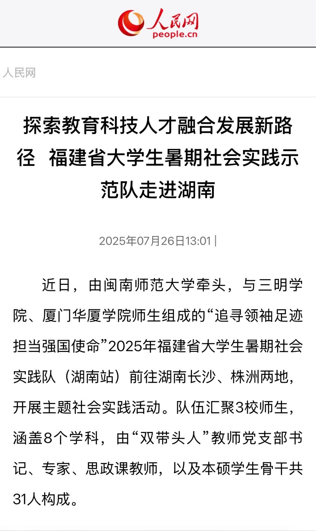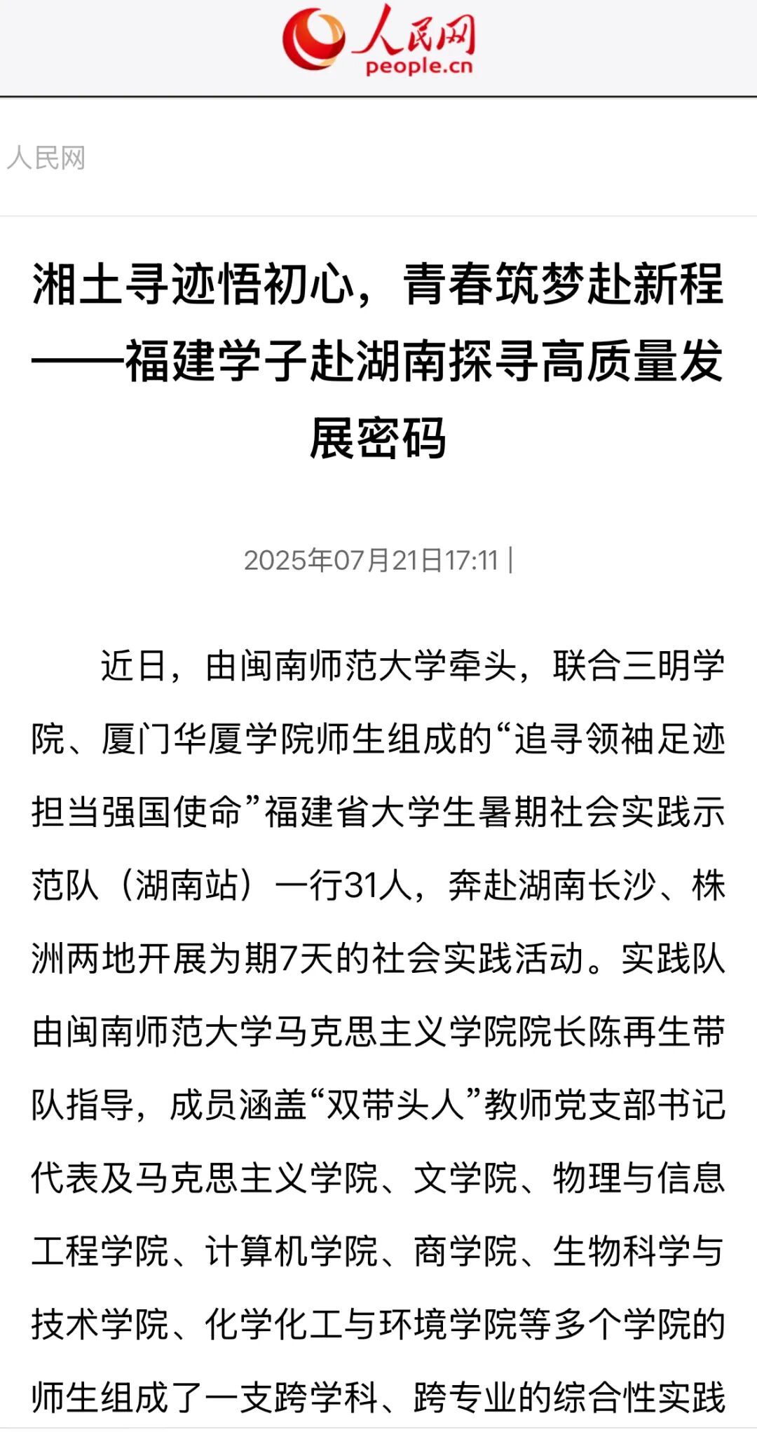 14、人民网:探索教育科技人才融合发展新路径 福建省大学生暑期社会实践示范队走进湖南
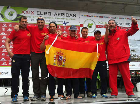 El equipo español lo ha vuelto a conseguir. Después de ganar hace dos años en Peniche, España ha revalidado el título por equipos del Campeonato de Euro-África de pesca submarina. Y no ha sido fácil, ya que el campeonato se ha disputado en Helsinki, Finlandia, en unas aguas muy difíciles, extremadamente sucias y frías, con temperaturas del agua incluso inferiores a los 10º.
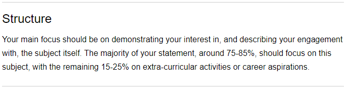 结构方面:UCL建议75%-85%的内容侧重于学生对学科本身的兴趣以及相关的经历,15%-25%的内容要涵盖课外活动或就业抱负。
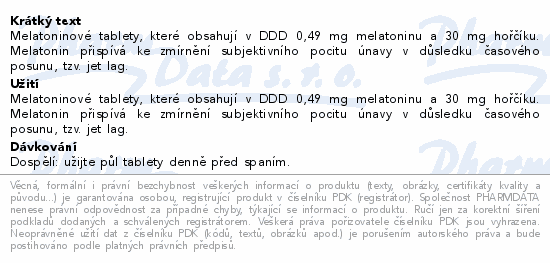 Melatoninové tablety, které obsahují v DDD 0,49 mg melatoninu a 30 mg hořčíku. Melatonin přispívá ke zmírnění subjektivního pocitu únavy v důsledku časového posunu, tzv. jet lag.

» **Your goal**: Every word of the data should be reproduced exactly; please omit any pictures.

» **Result for this exercise**:
 14、人民网:探索教育科技人才融合发展新路径 福建省大学生暑期社会实践示范队走进湖南
 El equipo español lo ha vuelto a conseguir. Después de ganar hace dos años en Peniche, España ha revalidado el título por equipos del Campeonato de Euro-África de pesca submarina. Y no ha sido fácil, ya que el campeonato se ha disputado en Helsinki, Finlandia, en unas aguas muy difíciles, extremadamente sucias y frías, con temperaturas del agua incluso inferiores a los 10º.
 结构方面:UCL建议75%-85%的内容侧重于学生对学科本身的兴趣以及相关的经历,15%-25%的内容要涵盖课外活动或就业抱负。
 Melatoninové tablety, které obsahují v DDD 0,49 mg melatoninu a 30 mg hořčíku. Melatonin přispívá ke zmírnění subjektivního pocitu únavy v důsledku časového posunu, tzv. jet lag.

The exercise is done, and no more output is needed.